Given a relation $R = \{(x,y)\mid y=x+1\}$ and I have to find the reflexive, transitive and symmetric closure.
For reflexive, I added $y=x$ with given condition so now the relation becomes
$R = \{(x, y)~| ~y=x+1 , \text{ or}\; y=x\}$
To make it symmetric, I added $y=x-1$ as one more condition but I am confused about transitive closure, what will be that?
Will the final result be a reflexive relation ?
Best Answer
So far, it seems you have $R=\{(x, y)\mid y=x+1, \text{ or}\; y=x \text{ or}\; y = x-1\}$.
For transitive closure, you need to have the relation satisfy, for all $x, y, z$, if $(x, y) \in R$ and $(y, z) \in R$, then your need to ensure $(x, z) \in R$.
Test your current conditions for the relation and check for transitivity.

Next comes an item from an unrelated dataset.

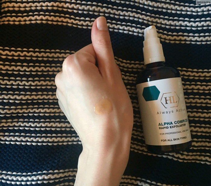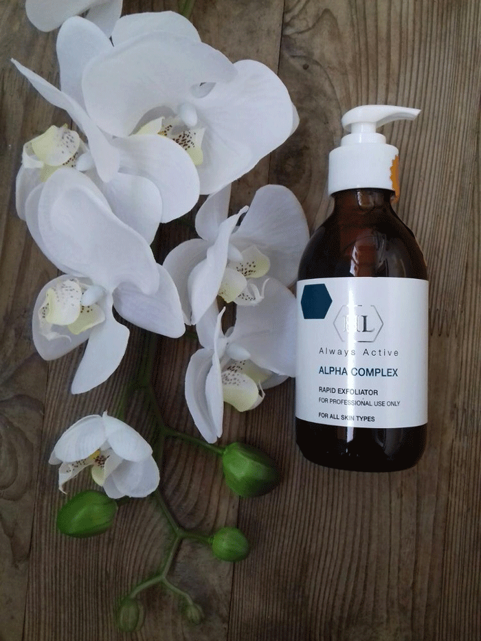 Этот химический кислотный пилинг подходит для всех типов кожи. По консистенции пилинг Holy Land Alpha немного гуще воды – это жидкость желто-коричневого цвета. В состав пилинга входят фруктовые кислоты, L-аскорбиновая и салициловая кислоты (антисептики), экстракт инжира (увлажняет и активизирует созревание гнойничков), фермент папаин (выравнивает эпидермис).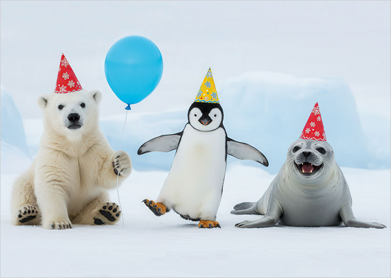 Party Animals are Gloss finished and suitable for corporate, business, company or personal use. 025-005 is a perfect choice for small to large companies. Our Party Animals Christmas cards are printed onto a premium thickness board, acquired only from sustainable sources and produced in the UK. Your inside personalisation is peronalised directly onto the card. Party Animals are sized at 210x148mm.

For example, if $y = x + 1$ and $z = y + 1$, then $z = (x + 1) + 1 \implies z = x+2$. So currently, you don't have transitive closure. Both $(x, y), (y, z)\in R$, but $(x,z) \notin R$.

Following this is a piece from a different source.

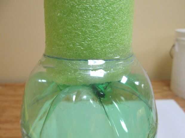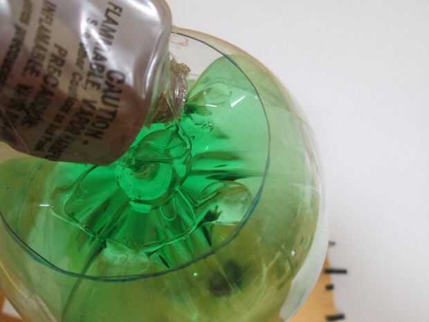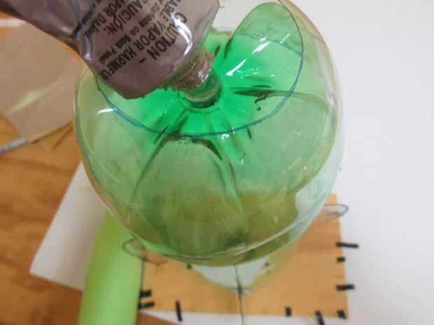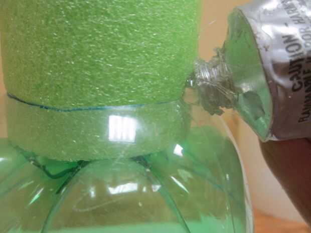 Poner una cucharada de buen tamaño de pegamento en el centro de la botella utilizado para el refuerzo

Note that $R = \{(x, y) \mid y = x\}$, by itself, is an equivalence relation (hence reflexive, symmetric, and transitive for all elements on which it is defined), as equality is perhaps the most fundamental of all equivalence relations.

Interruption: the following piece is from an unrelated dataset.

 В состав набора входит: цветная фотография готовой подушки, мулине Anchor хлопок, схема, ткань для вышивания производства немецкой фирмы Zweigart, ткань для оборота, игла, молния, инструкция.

Assuming we are talking about real numbers, we can get transitive closure (with reflexive closure), on the reals using the relation $R = \{(x, y)\mid y\leq x\}$. But this relation fails to by symmetric. "$\leq$" is a paradigmatic partial order relation on the set of reals: reflexive, antisymmetric, and, and transitive. Can you see why it is transitive, reflexive, but not symmetric?